I treated patients with AML for 20 years and, at the time, there were two therapies that we used, though deciding which to prescribe was based on somewhat arbitrary factors for most patients. What this study demonstrated, however, was that the molecular genetics of the tumor should drive the choice of therapy. We didn’t know that at the time. But the point is, we could have. It would have been apparent had we aggregated the clinical response data from large numbers of patients with AML whose cancer had been genetically sequenced.
That is the power of data aggregation.
This brings me to the heart of why I made the decision to transition from clinical oncologist to research scientist: As much as I enjoyed my work as a clinician, too often, I didn’t have the information at my disposal to make the most effective treatment choices for individual patients. And too often, I felt helpless, much like my patients did. Had this gold mine of clinical data been more accessible, I am certain I could have made better treatment decisions and provided better outcomes for my patients.

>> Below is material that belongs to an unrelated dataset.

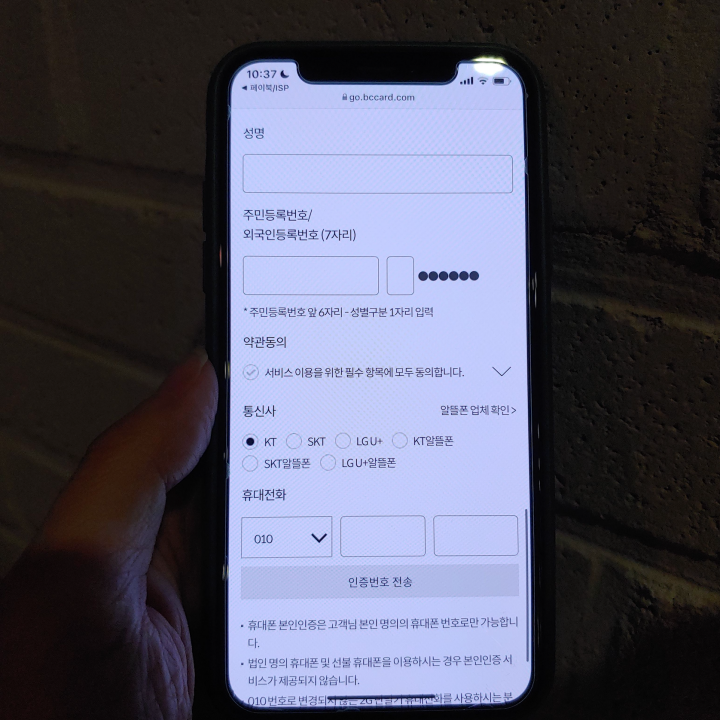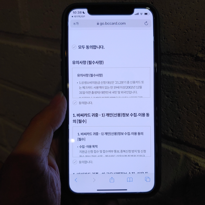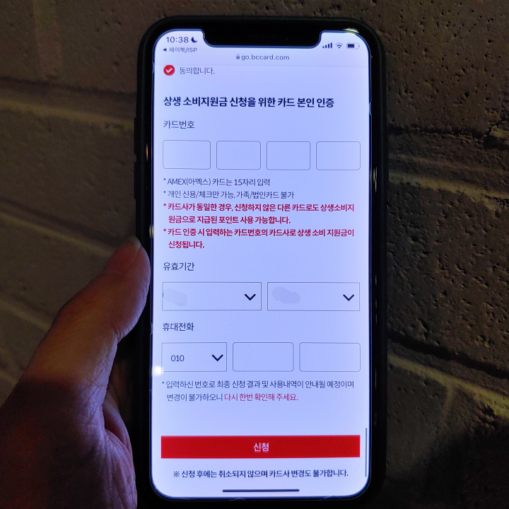 그 이후에는 상생지원금 신청 진행하면서 이러한 절차를 거치면 됩니다. 동의 항목에 체크했으며, 저의 개인정보 입력했으며, 휴대전화 인증했으며, 카드번호 및 유효기간 입력했습니다.

That experience of fighting alongside my patients and feeling helpless was a turning point for me. I knew that what we really need are better ways to prevent and treat cancer. And we can only have these if we have a better understanding of the molecular biology of cancer—which I was determined to pursue in the lab.

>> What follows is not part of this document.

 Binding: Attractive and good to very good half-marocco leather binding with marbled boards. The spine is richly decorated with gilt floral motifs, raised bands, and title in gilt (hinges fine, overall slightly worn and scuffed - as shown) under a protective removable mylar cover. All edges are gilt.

Over the past decades, we have certainly made amazing progress against cancer. But there are still significant gaps in our understanding of malignant disease. We have much to learn, and basic science is our path to get there.
The question is: How do we make great science happen? How do we get lightning to strike in just the right spot?
From my experience, the most innovative science comes not from a top-down approach, but from creative thoughts bubbling up in unexpected places. And I believe the way to nurture that process is by creating an atmosphere where bright young scientists are encouraged to investigate unconventional and high-risk ideas, which, occasionally, may lead to the next big breakthrough. That creativity is cultivated in an environment of stable funding and access to top-notch infrastructure, limited bureaucracy, and freedom to pursue the most promising ideas.
I have seen how passionately and tirelessly the cancer community works, driven by your commitment to advancing our understanding of cancer and helping our patients live longer, healthier lives.
I can’t think of a better way to continue to contribute to this shared goal than by leading NCI and collaborating with talented investigators, committed advocates, supportive policy makers, forward-thinking industry partners, and many more to advance cancer research.
Thank you for your dedication and caring, and thank you for the warm welcome you’ve given me in these last couple of months.